When designing high-speed applications, working with SMT components and soldering by hand can be tedious. Robert H8-3687-based SMT Reflow Oven Controller transforms a conventional infrared toaster oven into an effective reflow oven that ensures thermal control.
The key to good reflow is a precise multistep thermal profile, as illustrated in Figure 1. The preheating profile allows you to slowly bring the PCB to a temperature high enough to dry the solder paste (approximately 100°C) while minimizing the risk of thermal stress on the components in the reflow phase. After thermal stabilization, the board is heated as quickly as possible to the reflow temperature (approximately 250°C). The board stays above the reflow temperature for a set period of time (usually around 30 s) before it’s cooled down in a controlled fashion.

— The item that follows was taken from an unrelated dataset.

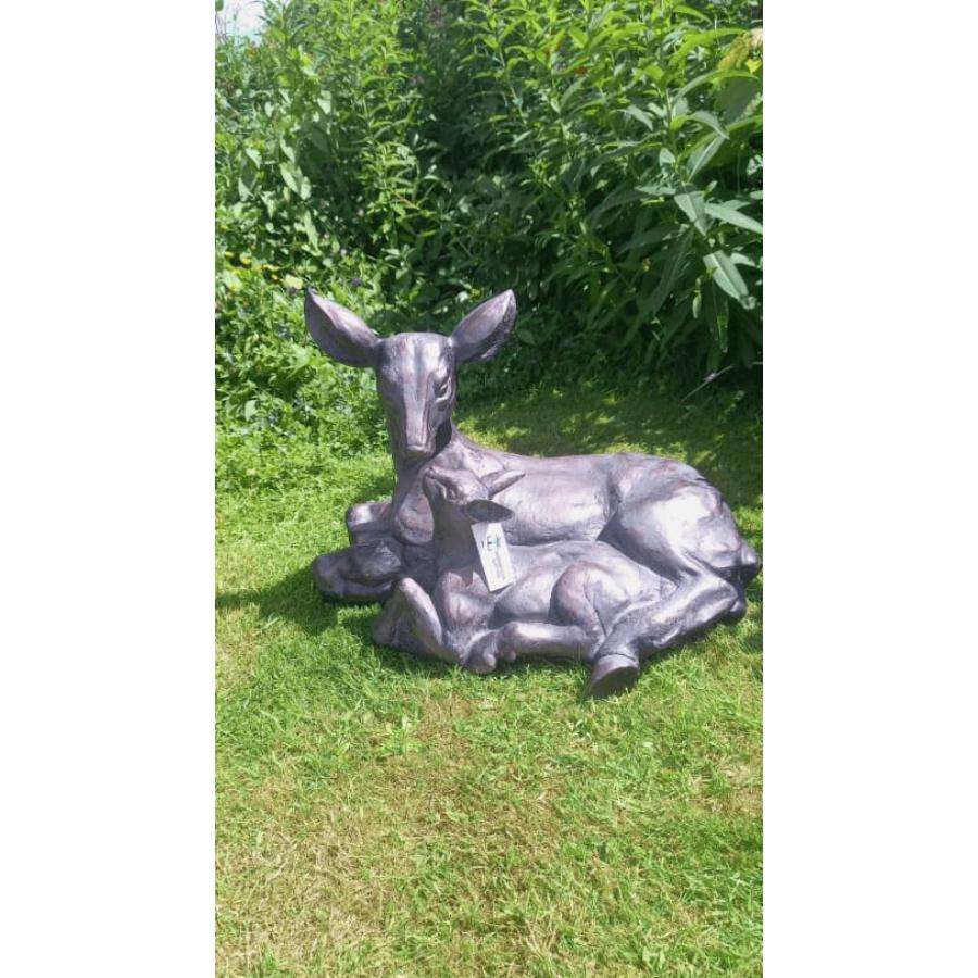 Life Size Sitton Bronze Reindeer With Fawn Garden Sculpture Handmade Antique Deer Statue Decorative Ornaments Christmas Items

What are the key characteristics of an industrial reflow oven? Quick heating and cooling is important (the quicker the better) in order to reduce the thermal stress on the components. (The pads and solder paste have a lower thermal latency than the components themselves.) Maintaining a homogeneous temperature inside the oven is also important, especially when you’re working with large PCBs. And, last but not least, regulation is a must in order to guarantee that successive reflows follow the exact same profile. As you can imagine, I will handle the regulation with a microcontroller-based solution, so let’s focus on the low-cost oven you’ll use to replace a real reflow oven.
In order to have a quick heating time, some industrial reflow ovens use infrared heaters. Why not just buy an infrared-based toaster oven like the one shown in Photo 1? I bought mine on the ’Net for less than $150. It has two quartz heating elements on the top and a classic resistor on the bottom (a total of 1,100 W).